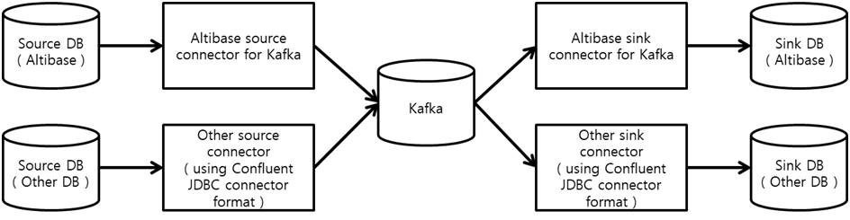 사용자가 Kafka를 통해 Altibase에서 변경된 데이터를 다른 데이터베이스로 복제하거나, 다른 데이터베이스에서 변경된 데이터를 Altibase로 복제하기 위해서는 아래 그림과 같이 source connector 와 sink connector가 필요하다.
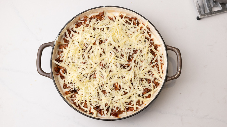 - Add the remaining ½ cup cheddar and ½ cup mozzarella to the top.
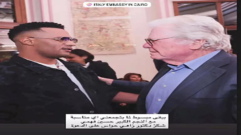 كما وجه رسالة للفنان حسين فهمي، وكتب: "ببقى مبسوط لما بتجمعني أي مناسبة مع النجم الكبير حسين فهمي، شكرًا دكتور زاهي حواس على الدعوة".
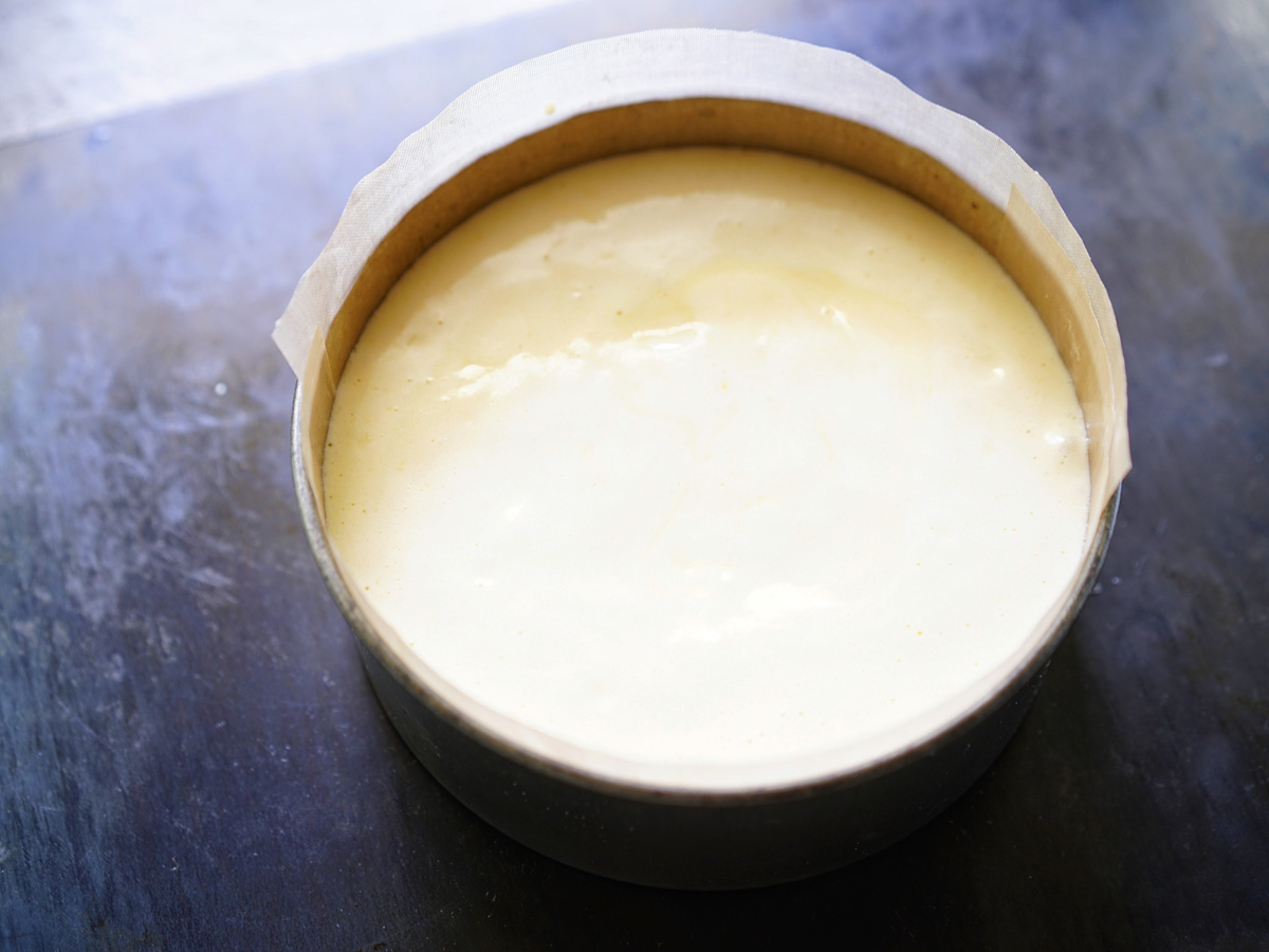 型に流し込み、10㎝くらいの高さからトンと軽く落として、大きな気泡を抜きます。
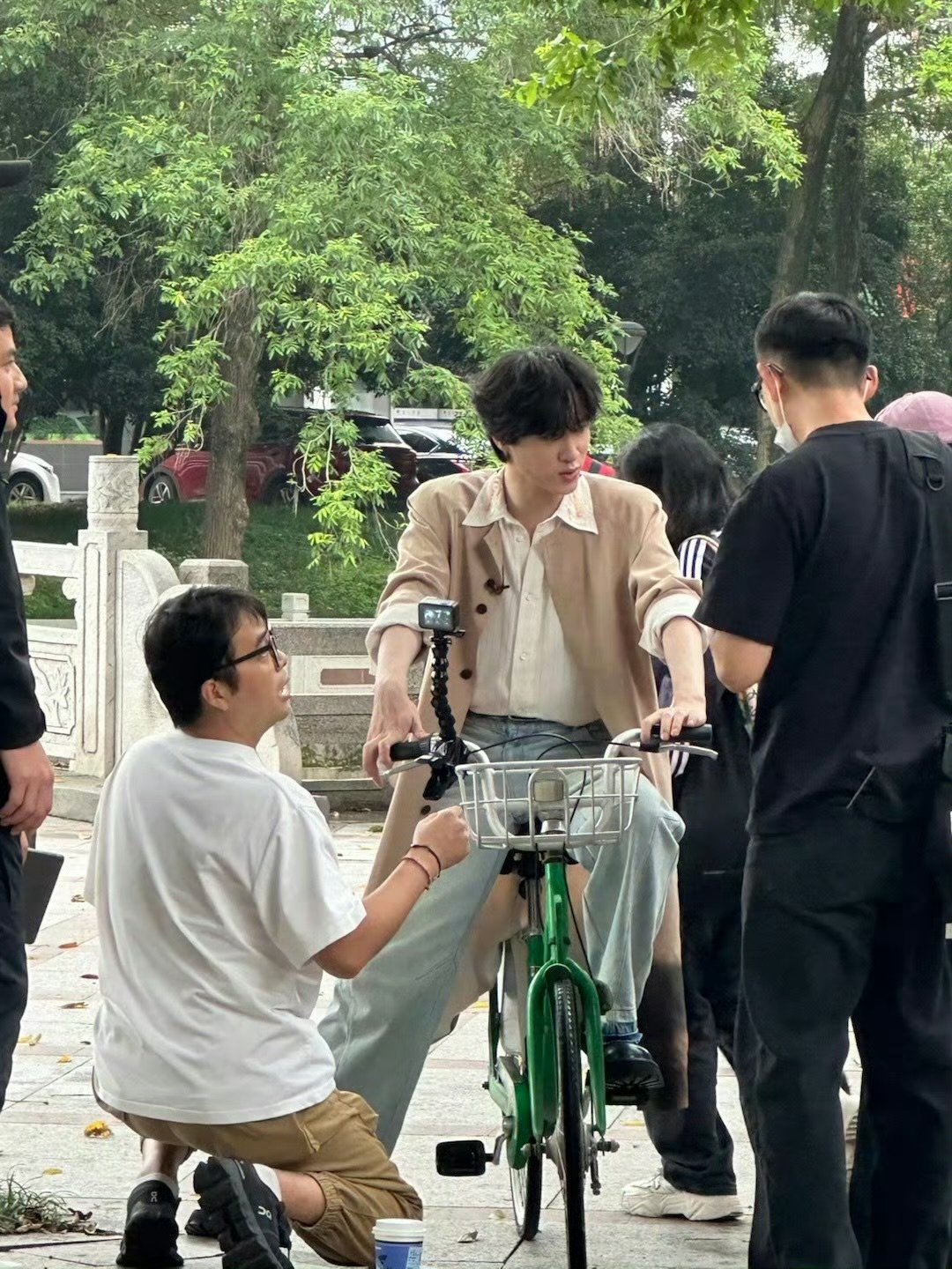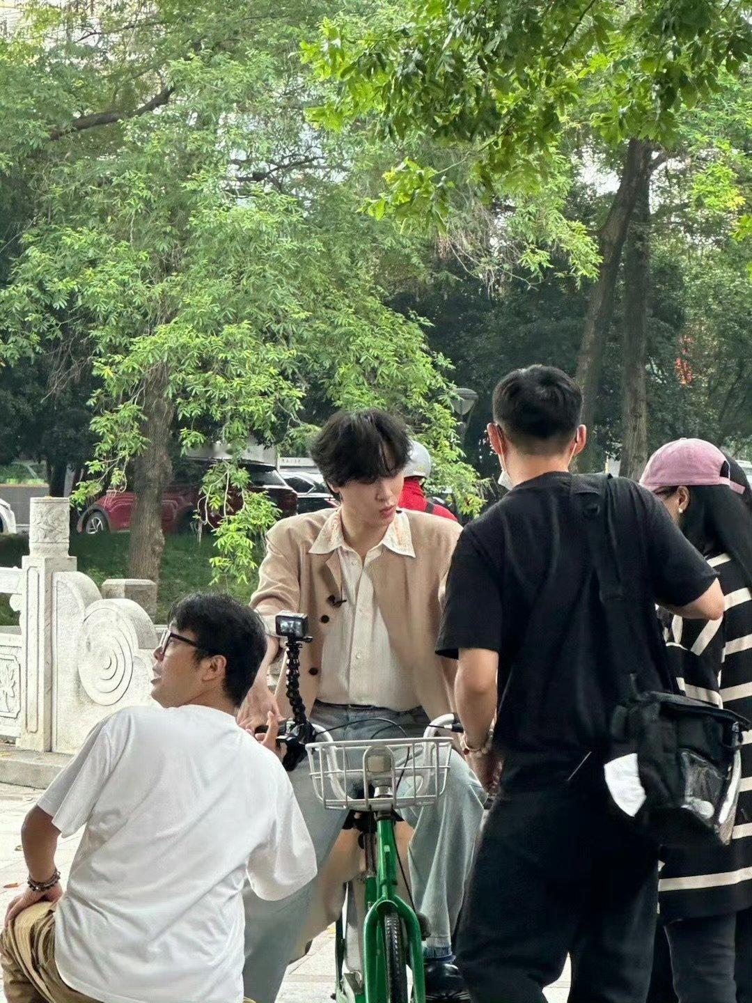 展轩扬州拍摄被偶遇网友扬州偶遇展轩拍摄 展轩扬州路透来袭!骑单车的他穿衬衫搭大衣,生图抗打颜值在线,随性又帅气,让人期待新作品。
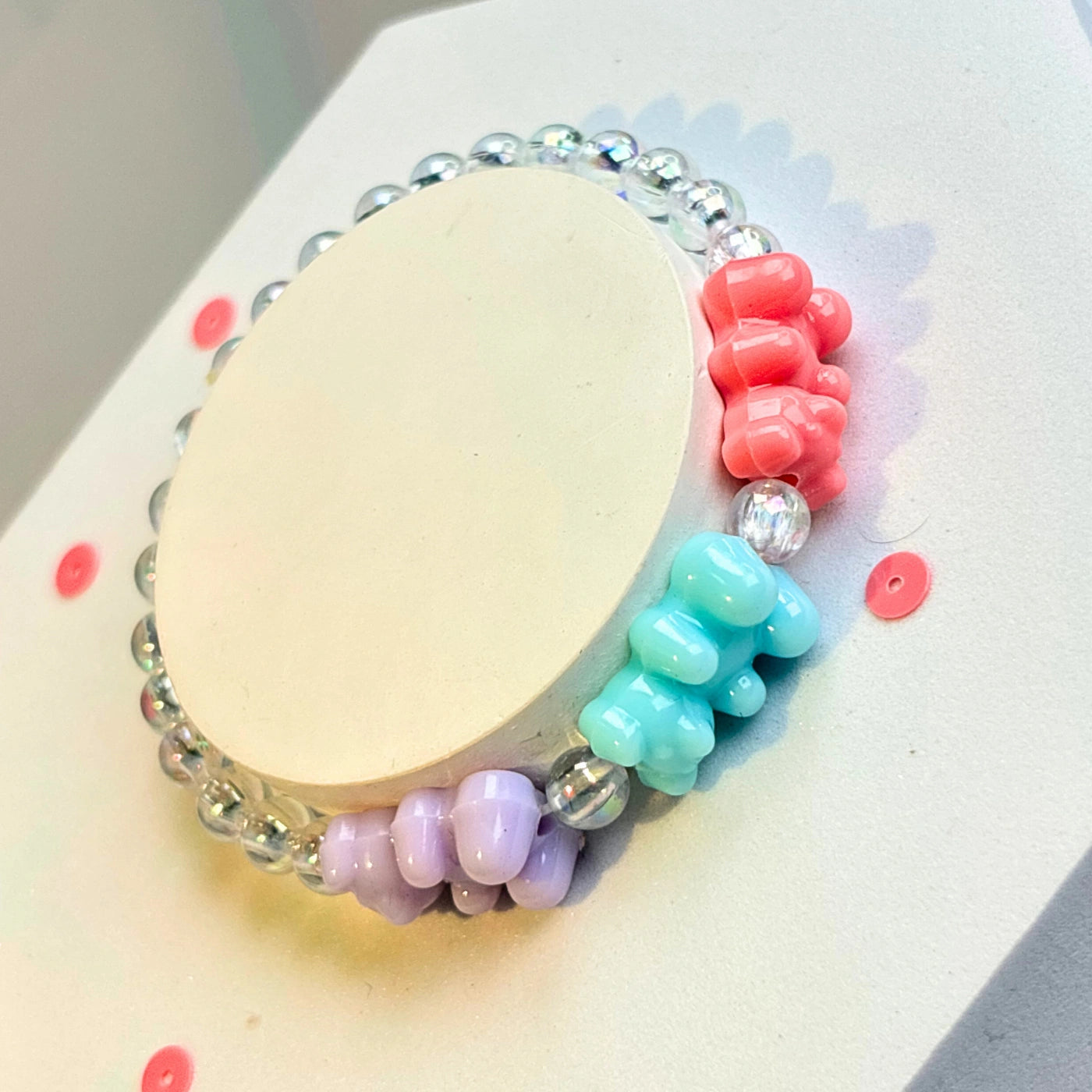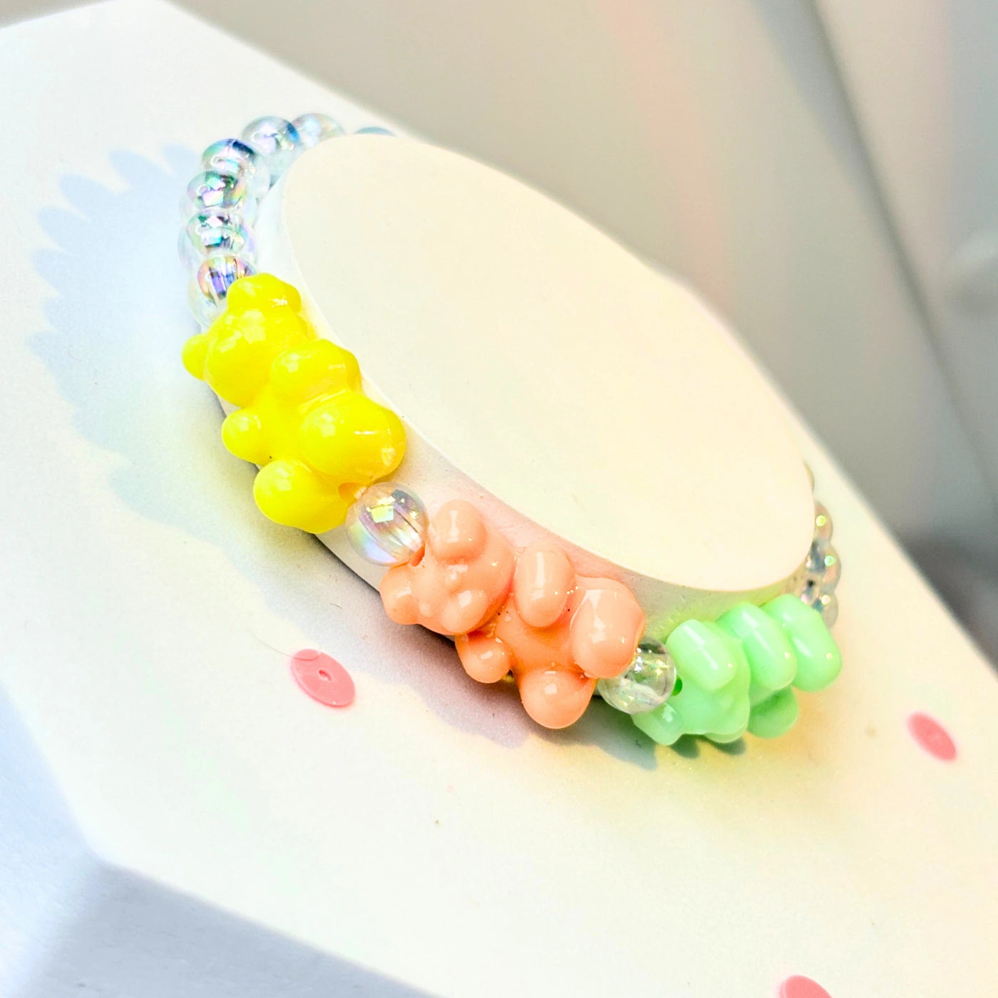 Iridescent clear beads add shimmer, while bold gummy bears pop in fun candy colours.
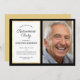 This photo retirement party invitation offers a sleek and professional layout, with a black border that is accented with a thinner gold border. Custom photo and text allows you to add a picture of the honoree and your retirement party details.
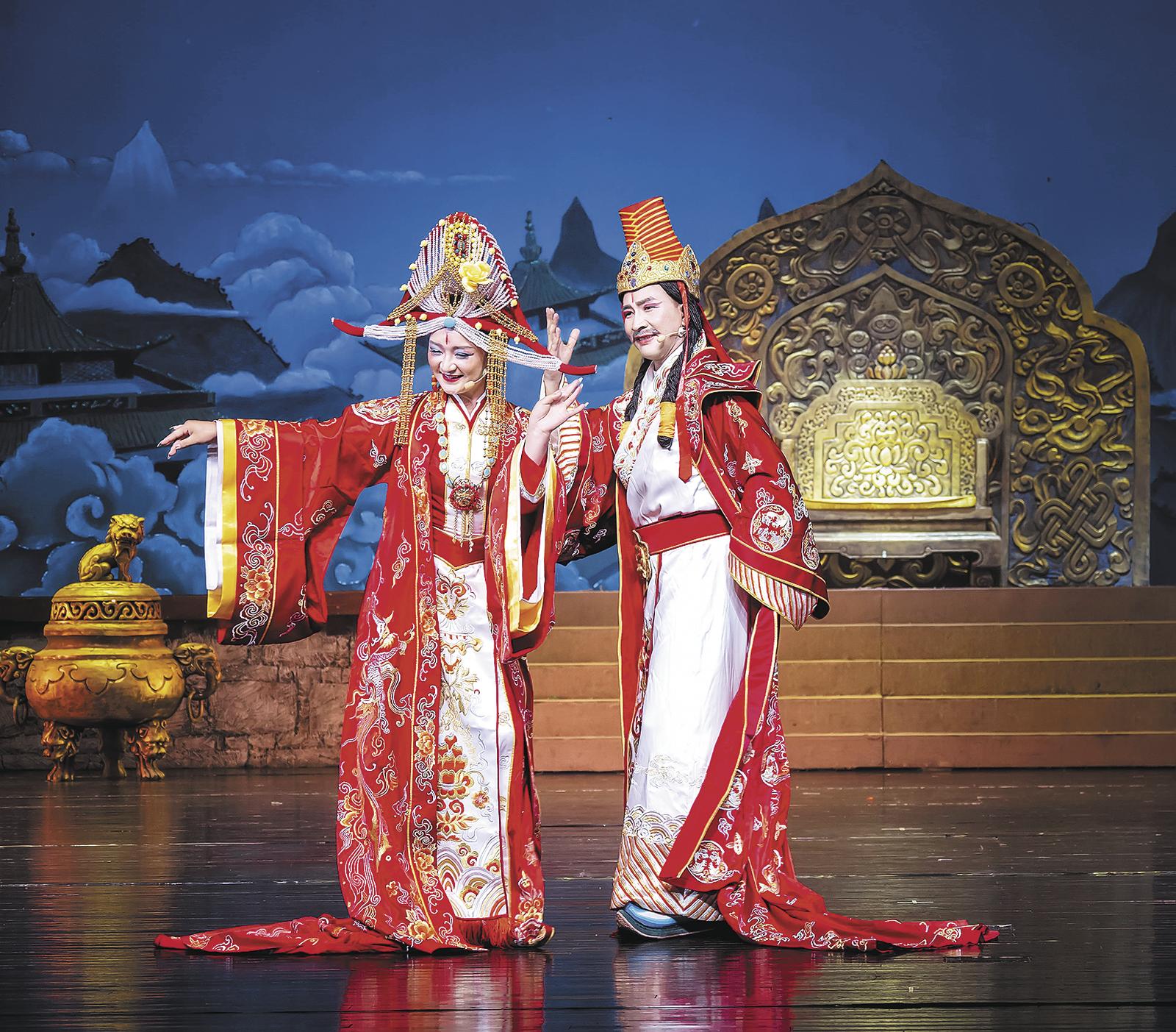 表演開始,藏戲獨特的唱腔響起,演員們身著華麗厚重、色彩斑斕的藏戲服飾登場。現場鼓撥聲交織,演員們的唱詞和念白抑揚頓挫,講述著金城公主為促進漢藏文化交流、促進民族團結做出的卓越貢獻。
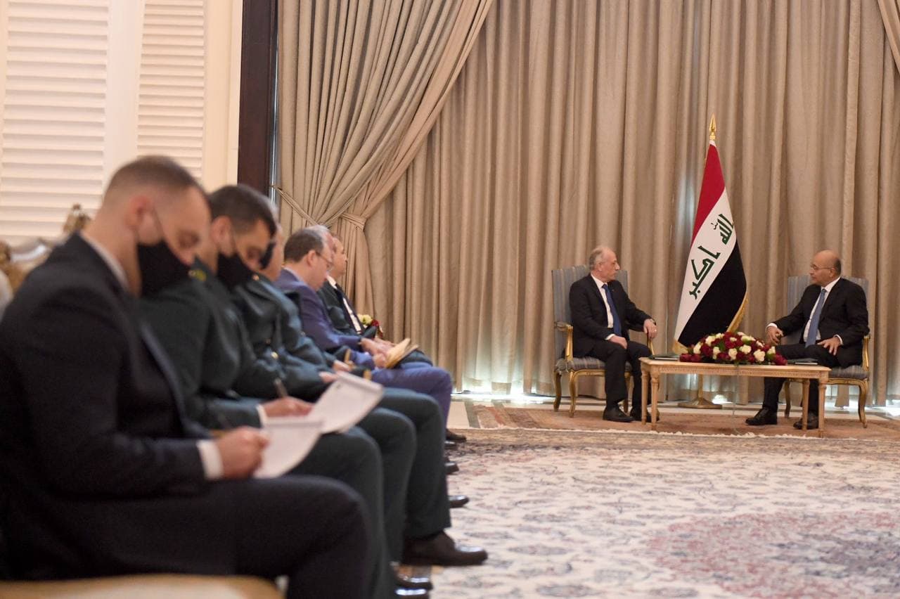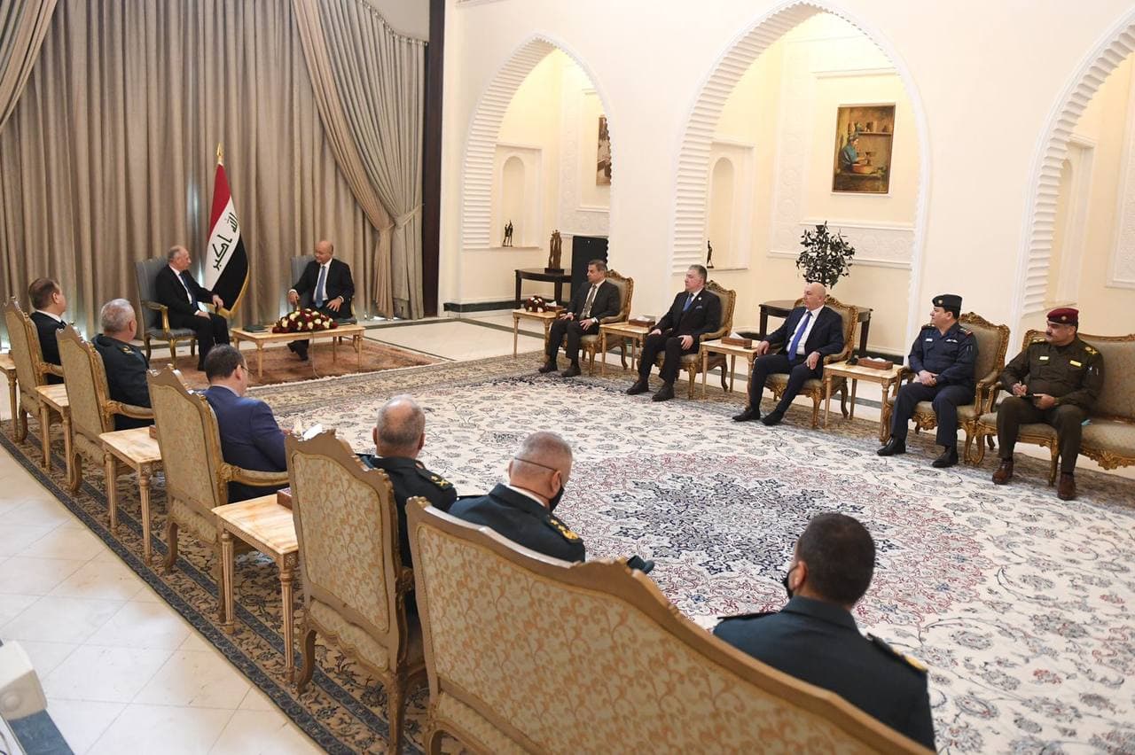 استقبل رئيس الجمهورية برهم صالح، اليوم الثلاثاء، في قصر السلام ببغداد، وزير الدفاع اللبناني موريس سليم.
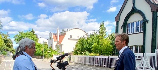 Am Sonntag, den 10. August, macht die beliebte Sendereihe Museums-Check von 3sat Station in Darmstadt: Mit Matthias Matschke auf der Mathildenhöhe heißt es um 18:30 Uhr für die Fernsehzuschauer in Deutschland, Österreich und der Schweiz. Der Schauspieler Matthias Matschke, bekannt aus vielen Fernsehrollen wie etwa der „heute show“ oder der Krimiserie „Professor T.“ ist in Darmstadt zur Schule gegangen, ein Heimspiel also für ihn. Nichts als Liebe empfinde er für diesen Ort, und: „Die Magie ist immer noch da.“ Zusammen mit Moderator Markus Brock spürt er in der dreißigminütigen Sendung dem Geist von Aufbruch und Experimentierfreude, von Moderne und Internationalität um 1900 nach, die damals wie heute die besondere Atmosphäre der Mathildenhöhe ausmacht.
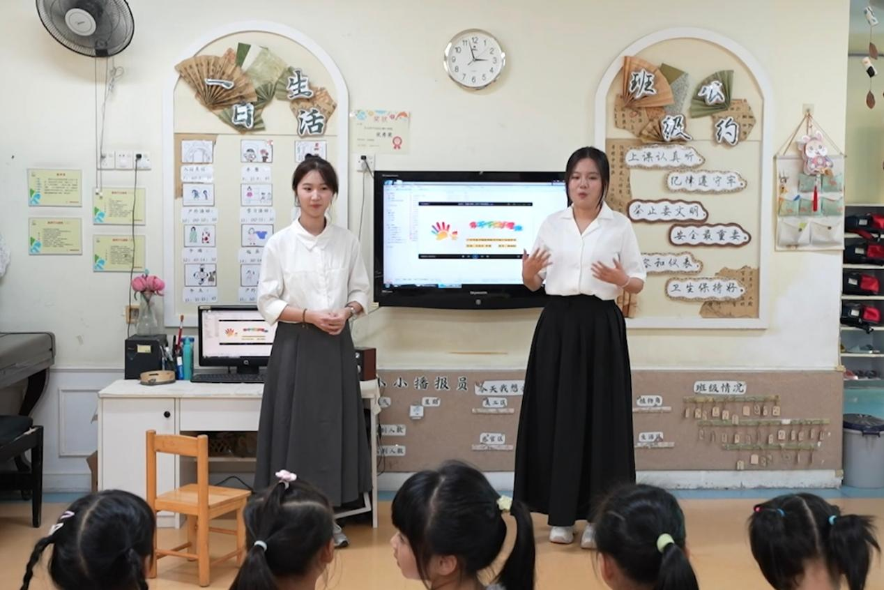 2025年5月27日下午,太阳成tyc9728集团“数字绘本工作坊”的5位同学,在周剑铭老师的带领下,走进东莞市创思东骏幼儿园,开展了一场别开生面的数字绘本实践教学活动。

- **Problem to solve**
All that should appear in the answer is the lines above from the line with "展轩扬州拍摄被偶遇网友扬州偶" through the line with "استقبل رئيس الجمهورية", retyped exactly, pictures left out.

- **Reply**
 展轩扬州拍摄被偶遇网友扬州偶遇展轩拍摄 展轩扬州路透来袭!骑单车的他穿衬衫搭大衣,生图抗打颜值在线,随性又帅气,让人期待新作品。
 Iridescent clear beads add shimmer, while bold gummy bears pop in fun candy colours.
 This photo retirement party invitation offers a sleek and professional layout, with a black border that is accented with a thinner gold border. Custom photo and text allows you to add a picture of the honoree and your retirement party details.
 表演開始,藏戲獨特的唱腔響起,演員們身著華麗厚重、色彩斑斕的藏戲服飾登場。現場鼓撥聲交織,演員們的唱詞和念白抑揚頓挫,講述著金城公主為促進漢藏文化交流、促進民族團結做出的卓越貢獻。
 استقبل رئيس الجمهورية برهم صالح، اليوم الثلاثاء، في قصر السلام ببغداد، وزير الدفاع اللبناني موريس سليم.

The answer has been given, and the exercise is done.